Below are records; the lines starting at the one with "5. Et-il-assigna-nom, Lui-les- Dieux, à-la-lumière, Jour" and ending at the one with "Searle Striped Knitted Polo Shirt - Navy" must be reproduced exactly, both included. Pictures must not appear.
Given entries Start Marker
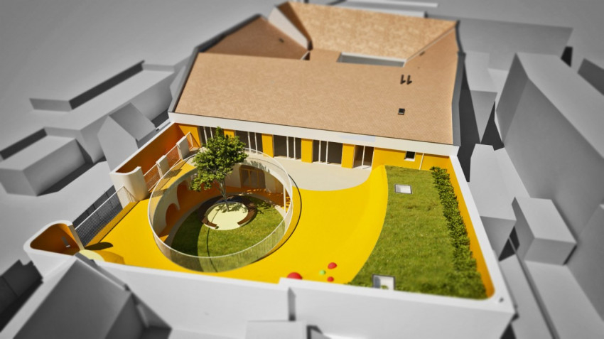Az új óvoda komplex felszerelése mellett az épület utcafronti homlokzatát is felújítják, így újra méltóságteljesen jelenhet meg környezetében.
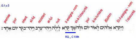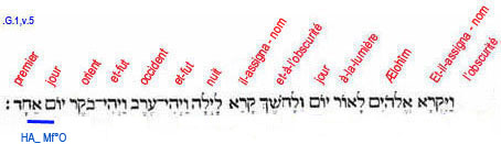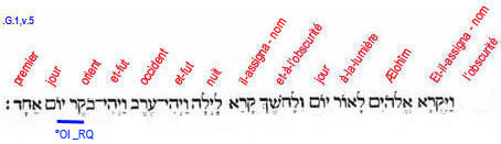 5. Et-il-assigna-nom, Lui-les- Dieux, à-la-lumière, Jour (manifestation universelle) ;
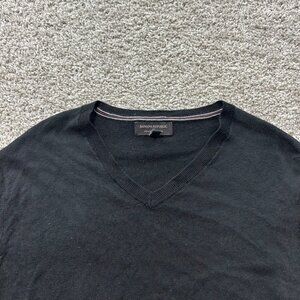Banana Republic Black V-Neck Sweater L 100% Merino Wool Lightweight Long Sleeve
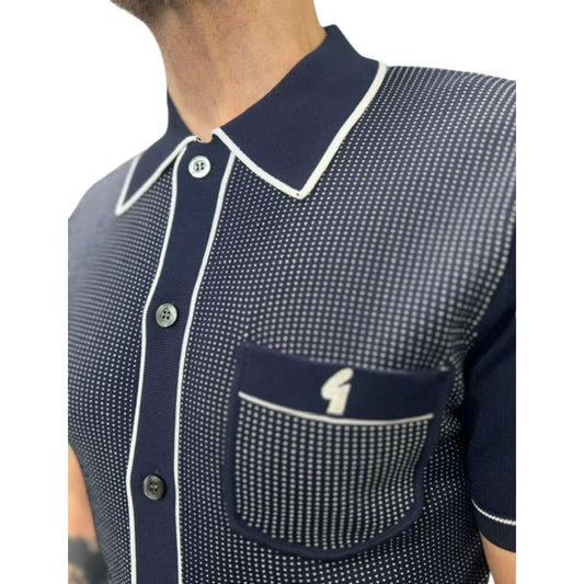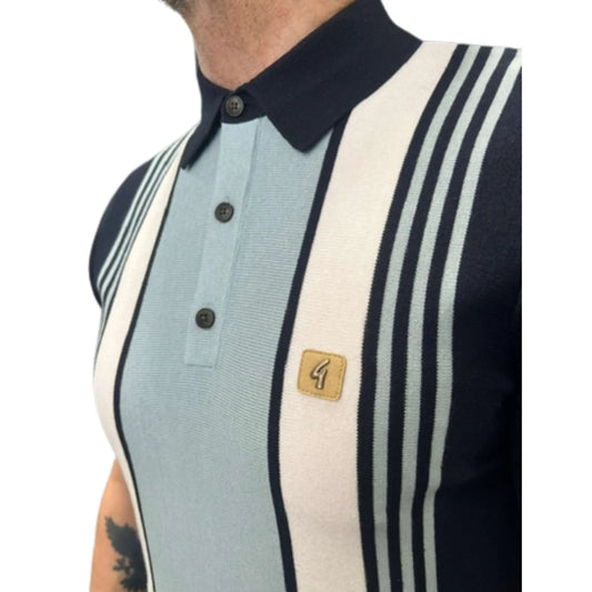 Searle Striped Knitted Polo Shirt - Navy
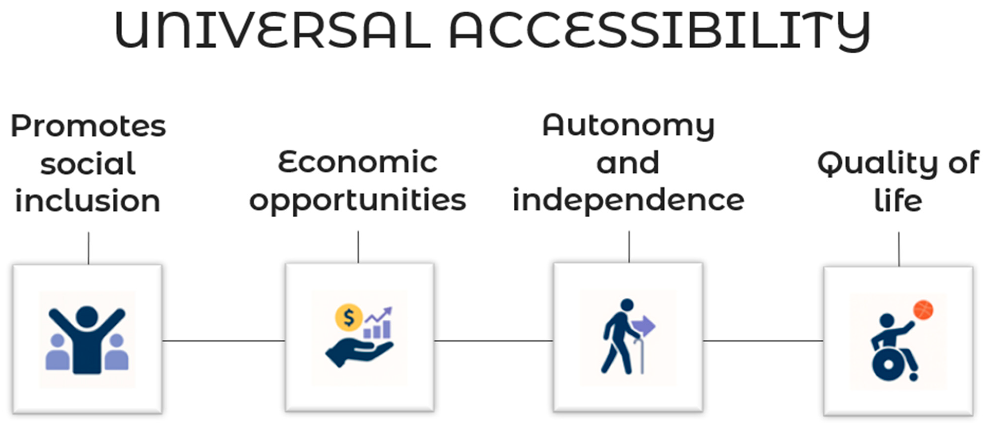 UA represents the integration of all people regardless of their disabilities. This concept brings benefits to people from all backgrounds, from children to the elderly, both men and women. UA emanates social transformation that creates inclusive environments and reduces structural inequalities. The benefits generated by this concept are significant and cover various perspectives such as the social sphere, the improvement of quality of life, efficiency and resource savings, and the positive impact on sustainability [
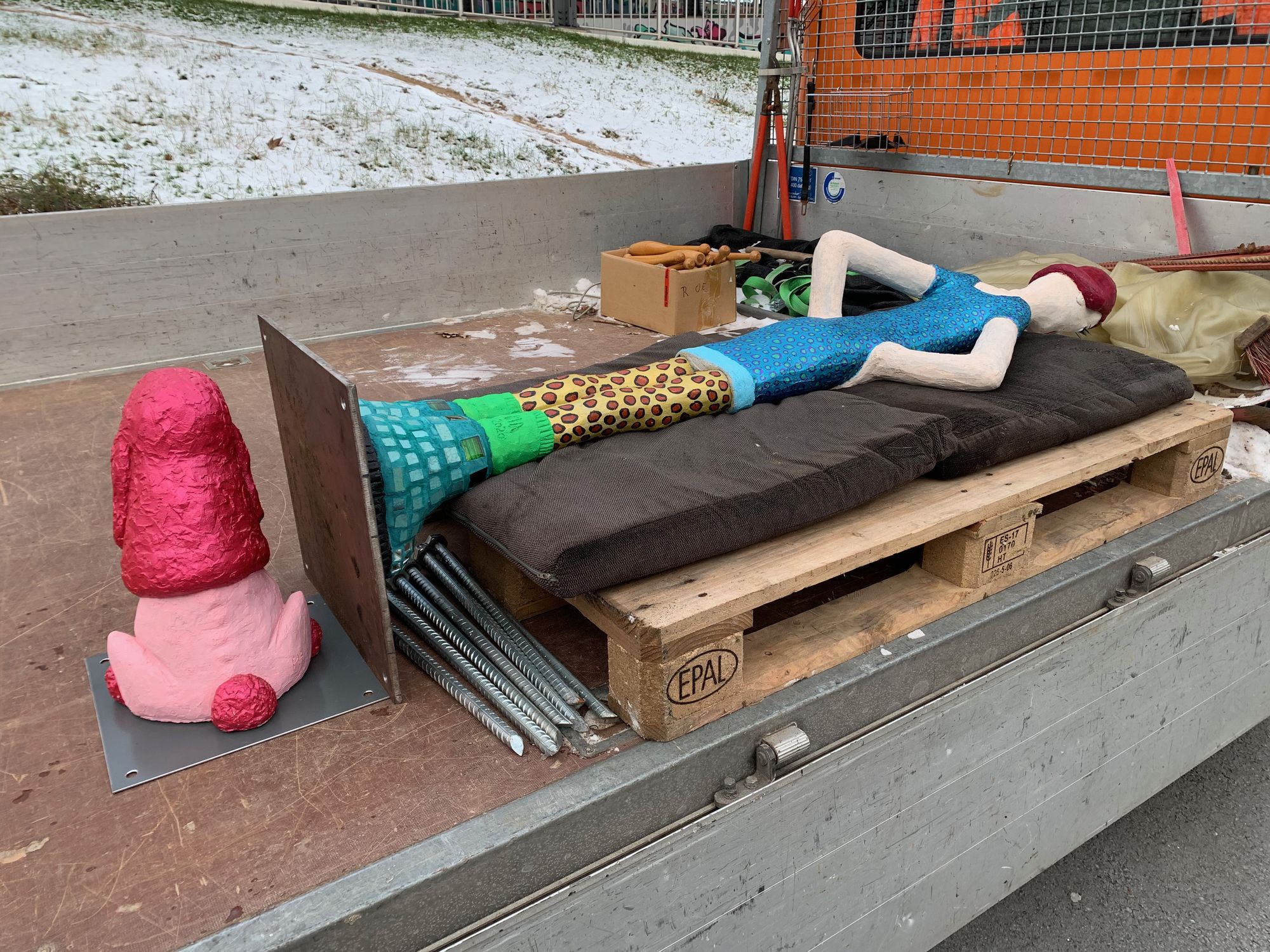 Nach dem Umzug des Paares am 24. März in die Richard-Neutra-Straße, erreicht sie am Montag in der Woche darauf ihre letzte Station, den Skulpturenpark in Mörfelden. Dort steht sie bis zum 6. April 2021.
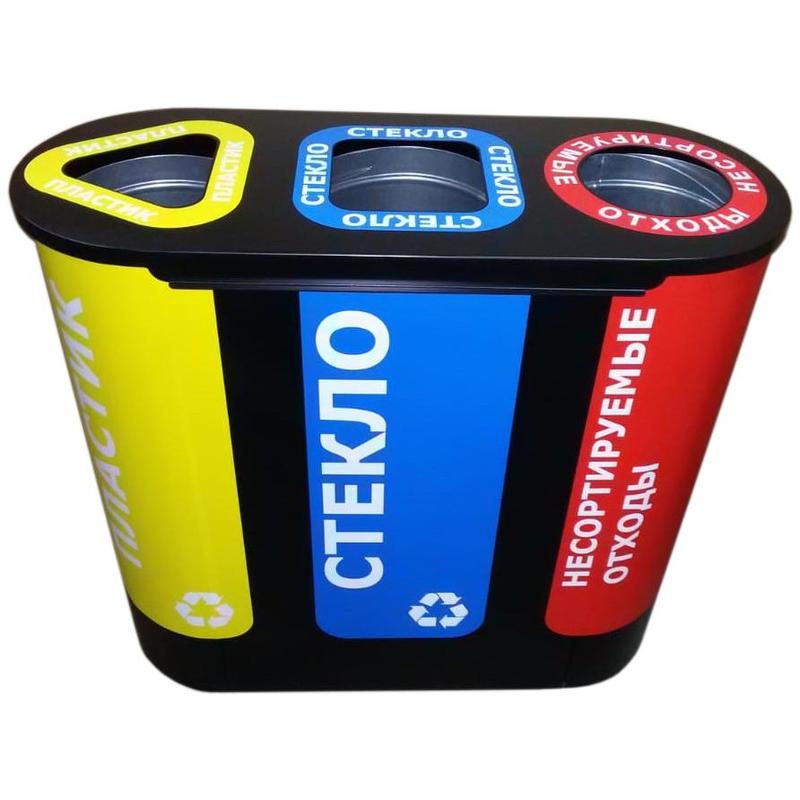 Урна для раздельного сбора мусора Акцент 3 черная 3-секционная 3х48 л
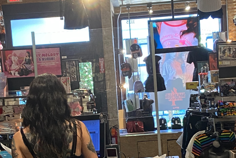 This is a sneeze guard at Hot Topic. The staff themselves were not wearing masks, but the sneeze guards were still up. Since both cash registers were being used, I took a picture from the back for privacy reasons.
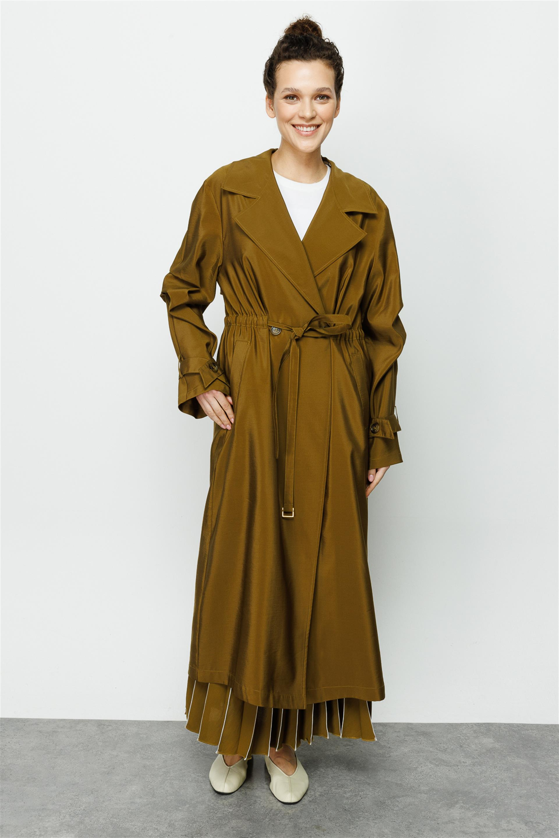 Tafta Loose Hafif İnce Zamansız Trench Kap-Haki (231890M TAFTA LOOSE-20)
Given entries End Marker
Solution
 5. Et-il-assigna-nom, Lui-les- Dieux, à-la-lumière, Jour (manifestation universelle) ;
Banana Republic Black V-Neck Sweater L 100% Merino Wool Lightweight Long Sleeve
 Searle Striped Knitted Polo Shirt - Navy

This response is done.